#### What is needed
Your output should be the lines below from the one holding "Zx108 to nowoczesny, dwukondygnacyjny" through the one holding "Review of: Yochanan", transcribed exactly, with no pictures.

=== Extracted entries ===

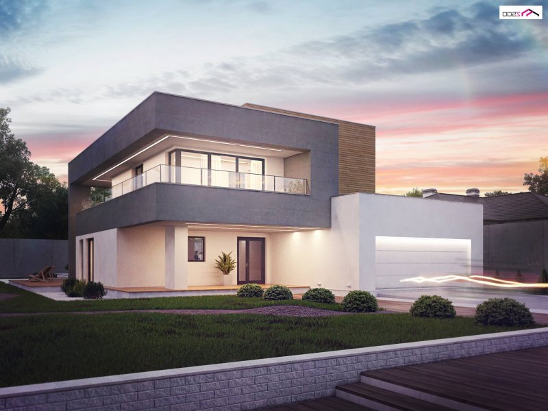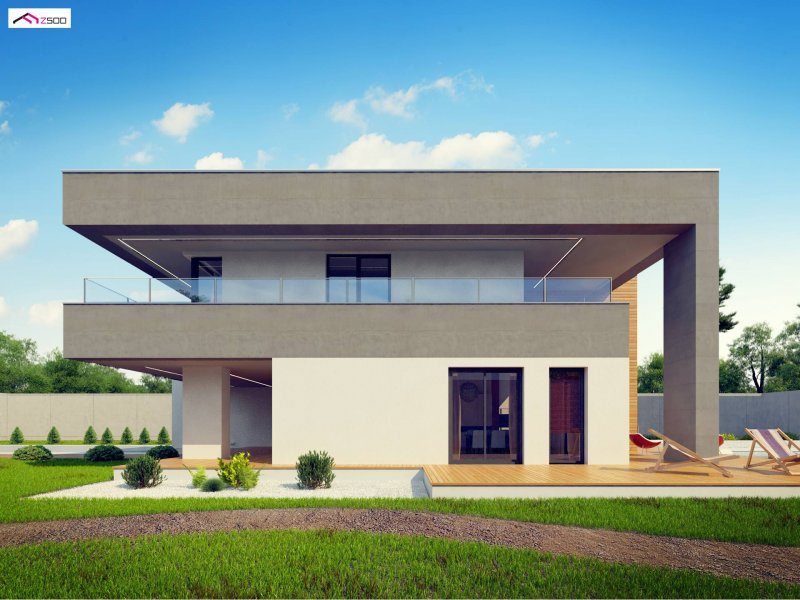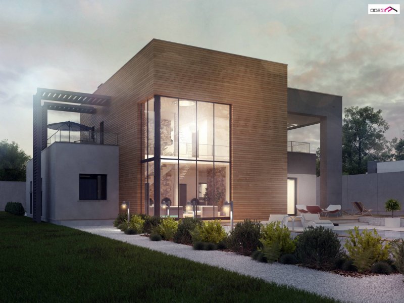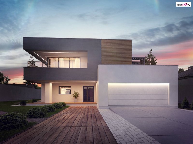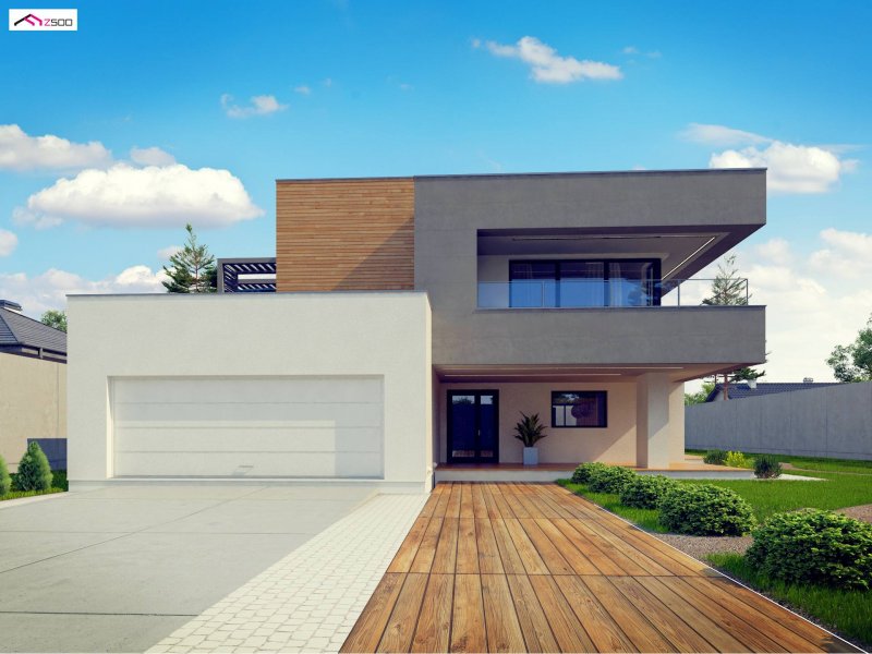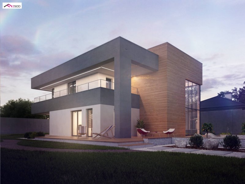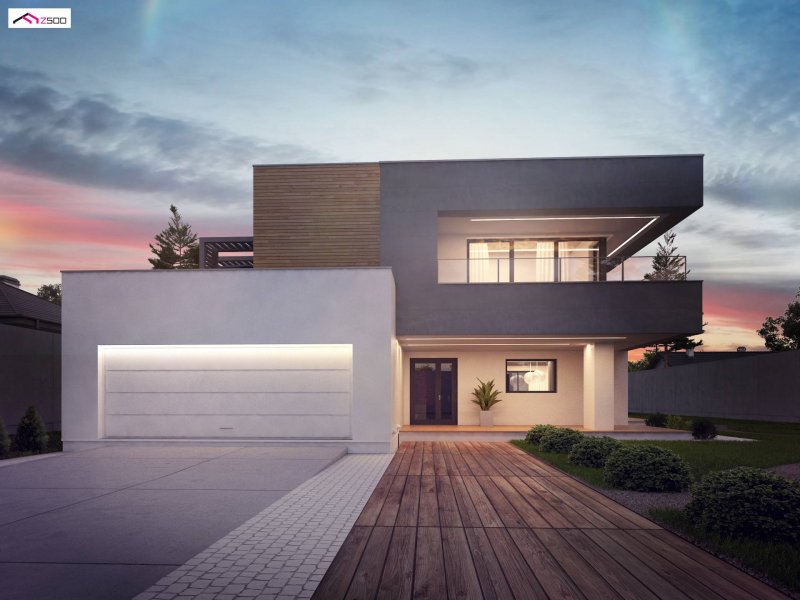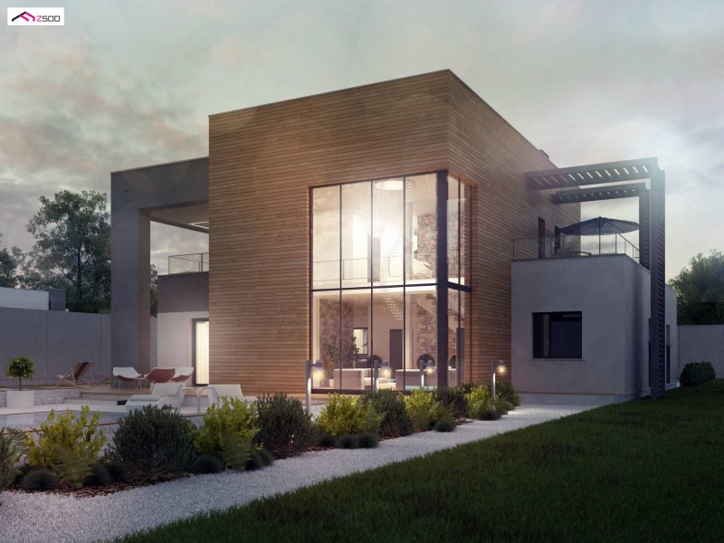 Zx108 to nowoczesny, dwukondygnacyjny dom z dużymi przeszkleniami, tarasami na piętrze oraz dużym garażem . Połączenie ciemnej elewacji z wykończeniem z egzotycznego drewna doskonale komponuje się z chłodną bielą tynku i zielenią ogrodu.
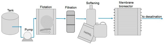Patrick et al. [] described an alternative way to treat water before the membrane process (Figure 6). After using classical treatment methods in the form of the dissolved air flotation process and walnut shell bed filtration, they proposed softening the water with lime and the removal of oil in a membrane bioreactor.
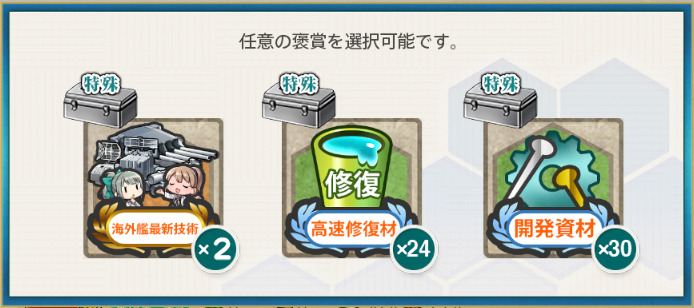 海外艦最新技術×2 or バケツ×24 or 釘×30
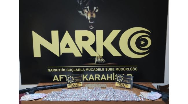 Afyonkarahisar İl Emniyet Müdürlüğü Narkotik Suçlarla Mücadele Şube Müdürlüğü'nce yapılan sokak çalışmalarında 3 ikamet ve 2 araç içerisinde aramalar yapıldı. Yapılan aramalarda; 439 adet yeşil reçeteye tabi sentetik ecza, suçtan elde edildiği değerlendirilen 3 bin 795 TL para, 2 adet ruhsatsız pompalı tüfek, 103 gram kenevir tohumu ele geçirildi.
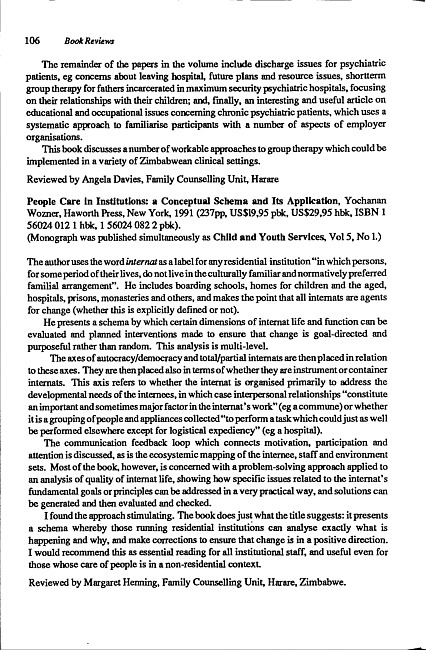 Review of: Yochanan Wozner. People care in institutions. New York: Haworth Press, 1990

===
=== Extracted entries ===

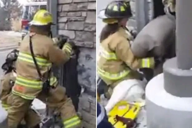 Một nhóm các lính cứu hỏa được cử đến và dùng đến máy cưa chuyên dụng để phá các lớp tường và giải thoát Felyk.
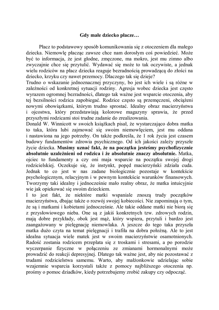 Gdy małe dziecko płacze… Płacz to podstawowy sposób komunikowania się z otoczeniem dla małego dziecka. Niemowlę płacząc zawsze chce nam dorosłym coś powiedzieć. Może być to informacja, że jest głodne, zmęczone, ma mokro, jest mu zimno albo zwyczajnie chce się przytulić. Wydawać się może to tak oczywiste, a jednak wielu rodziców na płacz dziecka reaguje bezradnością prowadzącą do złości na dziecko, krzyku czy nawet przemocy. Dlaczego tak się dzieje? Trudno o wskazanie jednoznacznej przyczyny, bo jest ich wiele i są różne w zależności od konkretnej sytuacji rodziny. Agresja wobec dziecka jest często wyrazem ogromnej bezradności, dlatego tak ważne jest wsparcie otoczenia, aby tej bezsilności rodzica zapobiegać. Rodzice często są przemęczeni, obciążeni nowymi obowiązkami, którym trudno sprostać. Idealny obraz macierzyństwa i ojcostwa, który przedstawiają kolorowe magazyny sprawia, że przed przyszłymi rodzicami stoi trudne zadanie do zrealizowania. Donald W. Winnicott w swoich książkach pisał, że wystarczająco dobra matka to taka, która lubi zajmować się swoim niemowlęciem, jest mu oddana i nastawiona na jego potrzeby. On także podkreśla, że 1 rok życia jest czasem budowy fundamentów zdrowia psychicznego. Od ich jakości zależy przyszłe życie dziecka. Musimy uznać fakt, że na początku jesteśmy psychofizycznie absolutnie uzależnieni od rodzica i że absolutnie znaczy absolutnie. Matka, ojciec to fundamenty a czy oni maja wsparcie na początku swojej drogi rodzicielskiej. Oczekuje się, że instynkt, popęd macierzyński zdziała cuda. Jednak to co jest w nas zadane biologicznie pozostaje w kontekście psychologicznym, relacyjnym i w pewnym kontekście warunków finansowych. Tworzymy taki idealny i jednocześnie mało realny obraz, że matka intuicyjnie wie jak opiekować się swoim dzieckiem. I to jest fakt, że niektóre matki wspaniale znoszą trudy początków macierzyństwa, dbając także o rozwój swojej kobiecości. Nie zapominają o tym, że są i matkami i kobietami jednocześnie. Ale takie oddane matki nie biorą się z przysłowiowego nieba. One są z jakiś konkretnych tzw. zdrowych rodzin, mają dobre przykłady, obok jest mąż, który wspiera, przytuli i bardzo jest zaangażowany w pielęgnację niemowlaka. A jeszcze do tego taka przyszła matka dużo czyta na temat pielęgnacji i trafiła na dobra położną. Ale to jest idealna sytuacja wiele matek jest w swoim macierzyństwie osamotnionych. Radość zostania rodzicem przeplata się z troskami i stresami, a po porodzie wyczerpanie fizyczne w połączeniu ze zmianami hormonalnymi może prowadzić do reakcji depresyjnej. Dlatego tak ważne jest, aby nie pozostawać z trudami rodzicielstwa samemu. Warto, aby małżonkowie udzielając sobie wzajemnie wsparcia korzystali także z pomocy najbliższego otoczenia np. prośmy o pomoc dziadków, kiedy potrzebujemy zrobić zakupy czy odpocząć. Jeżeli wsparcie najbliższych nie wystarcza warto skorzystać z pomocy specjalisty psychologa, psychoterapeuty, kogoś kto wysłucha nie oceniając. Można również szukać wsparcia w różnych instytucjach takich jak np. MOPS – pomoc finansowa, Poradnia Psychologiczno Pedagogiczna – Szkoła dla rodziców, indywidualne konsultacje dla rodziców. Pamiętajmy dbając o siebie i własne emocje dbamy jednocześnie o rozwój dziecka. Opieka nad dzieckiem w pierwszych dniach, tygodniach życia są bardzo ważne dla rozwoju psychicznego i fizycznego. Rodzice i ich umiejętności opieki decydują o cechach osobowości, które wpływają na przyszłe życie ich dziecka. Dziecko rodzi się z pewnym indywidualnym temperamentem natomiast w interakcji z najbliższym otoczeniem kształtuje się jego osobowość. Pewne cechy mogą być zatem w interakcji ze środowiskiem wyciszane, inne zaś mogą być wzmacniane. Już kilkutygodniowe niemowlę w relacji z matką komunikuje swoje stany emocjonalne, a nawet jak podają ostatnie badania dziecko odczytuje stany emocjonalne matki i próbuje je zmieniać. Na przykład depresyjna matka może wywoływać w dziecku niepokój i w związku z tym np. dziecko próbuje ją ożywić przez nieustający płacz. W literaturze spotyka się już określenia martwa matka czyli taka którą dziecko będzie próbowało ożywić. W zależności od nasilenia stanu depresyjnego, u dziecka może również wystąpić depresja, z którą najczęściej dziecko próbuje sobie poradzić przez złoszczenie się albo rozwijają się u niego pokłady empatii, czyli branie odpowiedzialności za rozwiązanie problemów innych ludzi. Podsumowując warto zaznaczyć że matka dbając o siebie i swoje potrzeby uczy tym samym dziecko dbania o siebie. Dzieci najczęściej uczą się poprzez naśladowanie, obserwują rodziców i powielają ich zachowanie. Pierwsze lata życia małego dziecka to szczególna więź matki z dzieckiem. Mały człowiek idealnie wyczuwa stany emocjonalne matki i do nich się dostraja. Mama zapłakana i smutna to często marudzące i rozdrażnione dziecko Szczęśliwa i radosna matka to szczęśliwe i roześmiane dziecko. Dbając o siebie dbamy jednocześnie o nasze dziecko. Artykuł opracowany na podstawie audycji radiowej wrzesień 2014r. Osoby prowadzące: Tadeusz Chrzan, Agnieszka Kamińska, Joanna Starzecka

===
=== Extracted entries ===

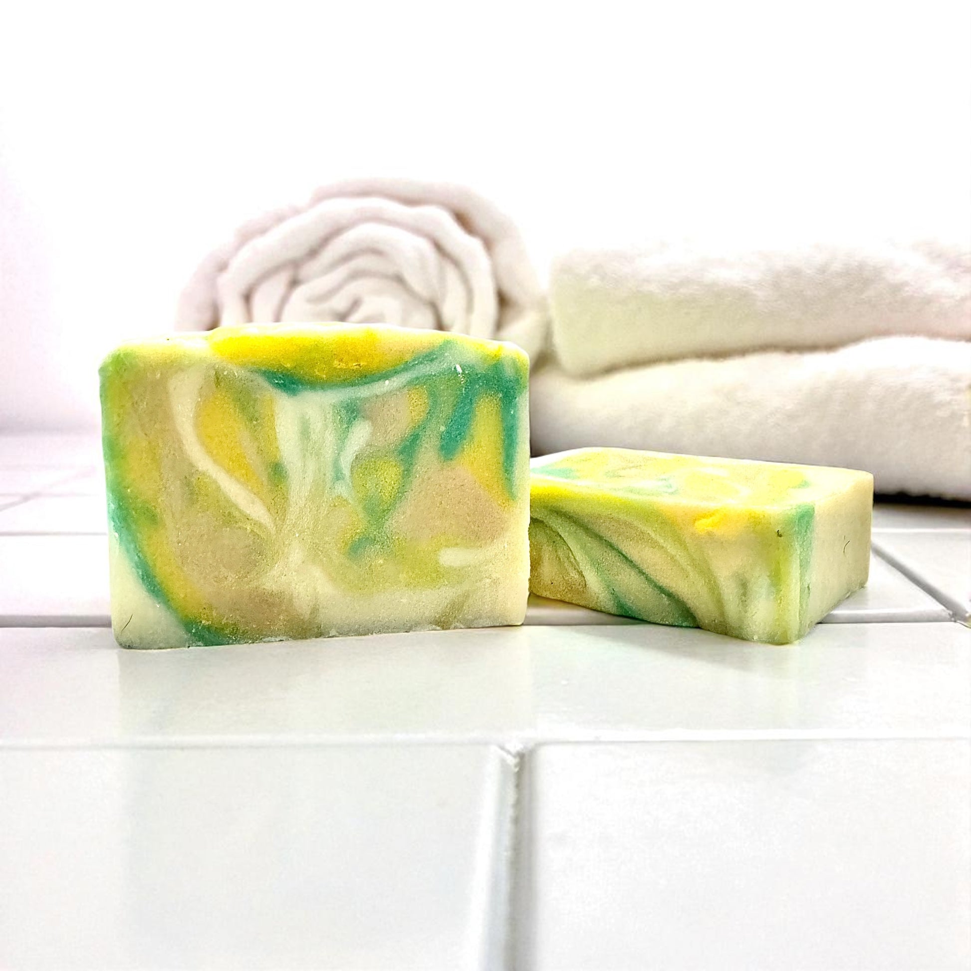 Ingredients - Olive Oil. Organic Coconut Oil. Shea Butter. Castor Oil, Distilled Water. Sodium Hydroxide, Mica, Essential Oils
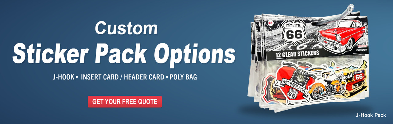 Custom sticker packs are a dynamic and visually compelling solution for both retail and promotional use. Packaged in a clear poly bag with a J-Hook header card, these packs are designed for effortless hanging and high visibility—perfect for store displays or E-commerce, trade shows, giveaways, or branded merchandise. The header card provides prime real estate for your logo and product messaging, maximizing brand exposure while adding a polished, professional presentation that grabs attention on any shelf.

===

#### Task output
 Zx108 to nowoczesny, dwukondygnacyjny dom z dużymi przeszkleniami, tarasami na piętrze oraz dużym garażem . Połączenie ciemnej elewacji z wykończeniem z egzotycznego drewna doskonale komponuje się z chłodną bielą tynku i zielenią ogrodu.
Patrick et al. [] described an alternative way to treat water before the membrane process (Figure 6). After using classical treatment methods in the form of the dissolved air flotation process and walnut shell bed filtration, they proposed softening the water with lime and the removal of oil in a membrane bioreactor.
 海外艦最新技術×2 or バケツ×24 or 釘×30
 Afyonkarahisar İl Emniyet Müdürlüğü Narkotik Suçlarla Mücadele Şube Müdürlüğü'nce yapılan sokak çalışmalarında 3 ikamet ve 2 araç içerisinde aramalar yapıldı. Yapılan aramalarda; 439 adet yeşil reçeteye tabi sentetik ecza, suçtan elde edildiği değerlendirilen 3 bin 795 TL para, 2 adet ruhsatsız pompalı tüfek, 103 gram kenevir tohumu ele geçirildi.
 Review of: Yochanan Wozner. People care in institutions. New York: Haworth Press, 1990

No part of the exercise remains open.